Media Pakistan yang mengutip SBP melaporkan bahwa total utang dan kewajiban negara tersebut melampaui PKR 50.5 triliun ($286 miliar) pada bulan September 2021. Ini jauh lebih besar dari PDB Pakistan sebesar $261.72 miliar.
Utang luar negeri Pakistan juga melonjak menjadi $127 miliar pada tahun 2021, lompatan besar dari $95.2 miliar pada Juni 2018.
Pakistan hampir jatuh ke dalam perangkap utang China akibat proyek Koridor Ekonomi China-Pakistan (CPEC) senilai $62 miliar.
Dengan janji untuk membangun Naya Pakistan (Pakistan Baru), Perdana Menteri Imran mulai berkuasa pada bulan Agustus 2018. Selama periodenya, utang luar negeri melonjak sebesar $32 miliar.

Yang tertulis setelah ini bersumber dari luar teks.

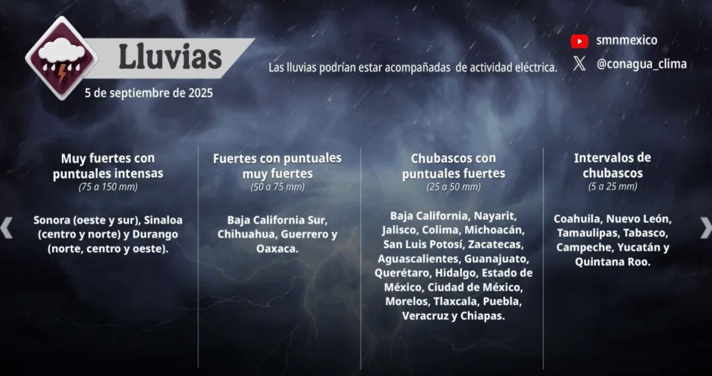 En el resto de Guanajuato, el SMN advierte que habrá un cielo nublado durante todo el día, con lluvias fuertes de 25 a 50 mm, acompañadas de tormentas eléctricas y posible granizo.
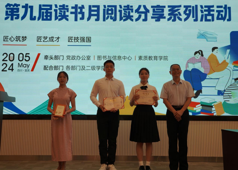 随后,三位学生代表从不同角度详细分享了自己阅读《俗世奇人》后的深刻感悟。人文与旅游学院园林技术专业学生王曦表示要对自己的专业抱有深厚的热情和坚定的信念。现代农业学院茶艺专业学生詹香立志要做一名通茶之诸要、善茶之诸艺、弘茶之文化的优秀茶艺师。建筑与环境学院造价工程专业学生唐浩伦立志做一名对自己、对项目、对合作伙伴和对业主负责的合格工程造价人。
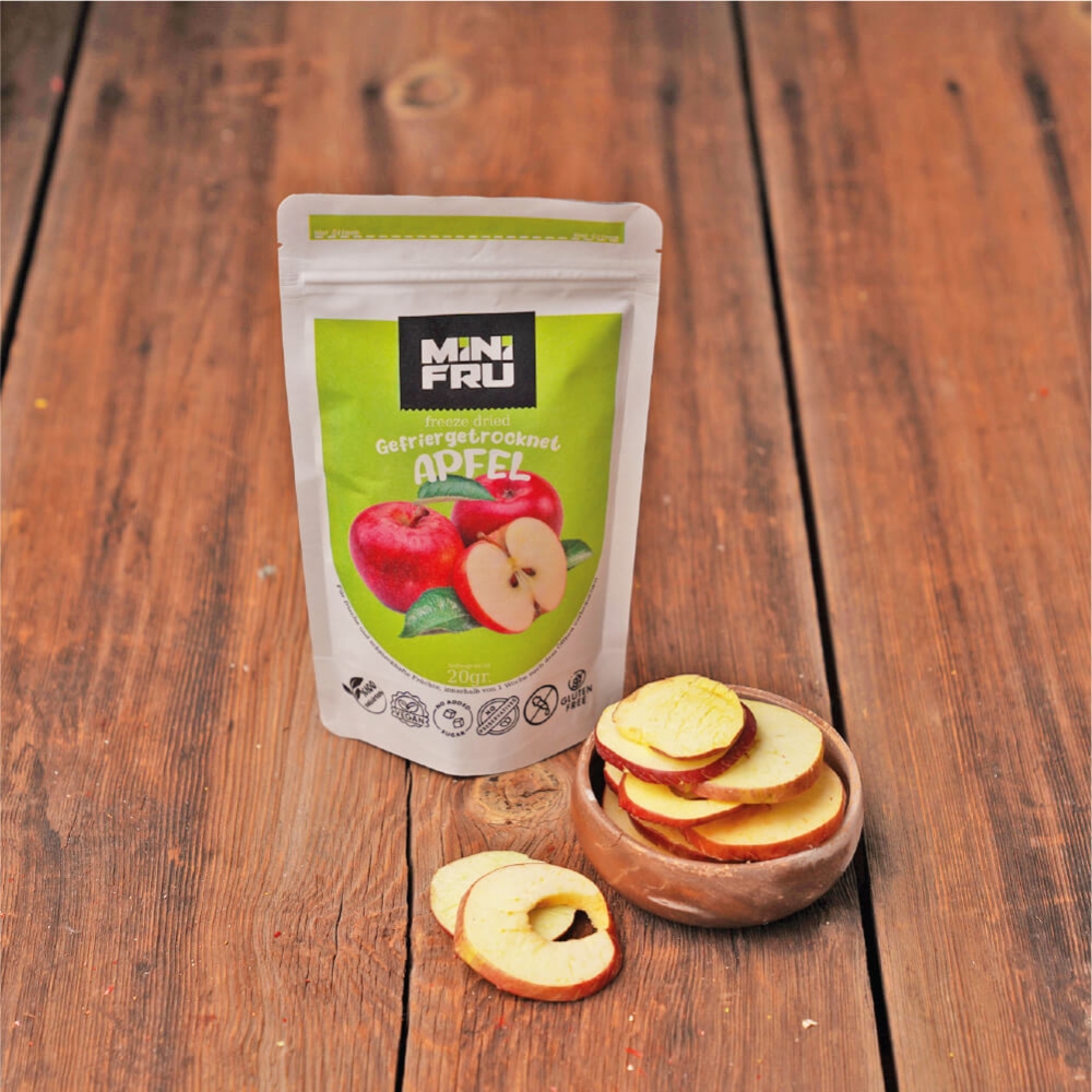 Freeze Dried Apple Hver Minifru frysetørket frukt pose tilsvarer omtrent 2-3 hekto fersk frukt! 100% frukt
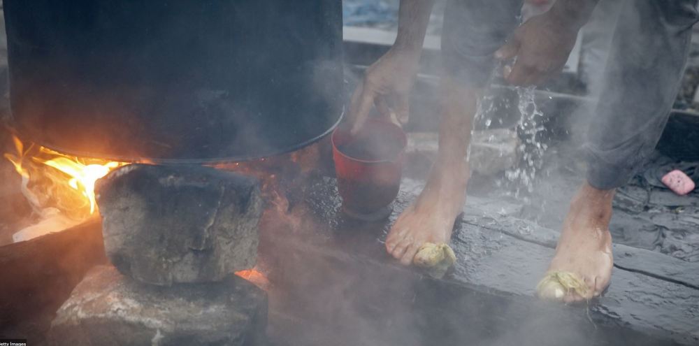 在这样的条件下,他们不得不在室外架起火炉,在破旧的铁桶里加热洗澡水。隐私在这种情况下也不能苛求了。

Pada tahun keuangan ini saja, Pakistan harus membayar kembali pinjaman dan bunga senilai $12.4 miliar.
"Semua pinjaman yang telah diambil sekarang, dari sumber apa pun, adalah untuk membayar pinjaman masa lalu," ungkap Qaiser Bengali, seorang ekonom independen, kepada AFP.

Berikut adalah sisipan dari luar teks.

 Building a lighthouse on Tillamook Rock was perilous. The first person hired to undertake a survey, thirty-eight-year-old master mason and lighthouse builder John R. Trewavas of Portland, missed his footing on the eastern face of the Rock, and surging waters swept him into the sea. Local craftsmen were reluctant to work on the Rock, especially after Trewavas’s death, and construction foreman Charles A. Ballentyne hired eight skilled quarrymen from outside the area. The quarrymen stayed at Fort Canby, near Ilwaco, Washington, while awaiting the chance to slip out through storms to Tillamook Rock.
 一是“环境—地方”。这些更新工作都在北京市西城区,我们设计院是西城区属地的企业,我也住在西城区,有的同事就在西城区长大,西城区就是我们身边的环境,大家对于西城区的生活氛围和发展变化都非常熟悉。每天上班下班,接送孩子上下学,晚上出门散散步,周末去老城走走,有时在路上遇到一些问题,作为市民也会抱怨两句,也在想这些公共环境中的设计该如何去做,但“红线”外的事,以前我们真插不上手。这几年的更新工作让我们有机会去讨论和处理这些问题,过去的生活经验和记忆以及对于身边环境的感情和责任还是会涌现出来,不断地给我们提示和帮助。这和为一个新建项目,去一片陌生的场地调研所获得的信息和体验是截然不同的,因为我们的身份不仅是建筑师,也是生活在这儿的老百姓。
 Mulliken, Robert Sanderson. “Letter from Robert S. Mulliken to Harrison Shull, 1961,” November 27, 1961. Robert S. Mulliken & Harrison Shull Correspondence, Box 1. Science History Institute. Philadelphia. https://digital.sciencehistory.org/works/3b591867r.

"Pada dasarnya ekonomi bangkrut. Pakistan tidak dapat membayar pinjamannya."
Mengetuk pintu pemberi pinjaman telah menjadi pekerjaan utama Perdana Menteri Pakistan setiap dua hingga tiga bulan.
Partai oposisi Pakistan mengatakan Imran dipilih oleh militer Pakistan bukan dipilih oleh rakyat Pakistan. Kekuatan sebenarnya di Pakistan terletak pada militer.
Selain itu, telah terjadi produktivitas pertanian yang rendah, produksi industri yang lebih rendah dan struktur ekonomi politik yang cacat.
Rupee Pakistan (PKR) juga terpukul parah, mencapai PKR 176.37 per dolar AS pada tanggal 21 Februari 2022.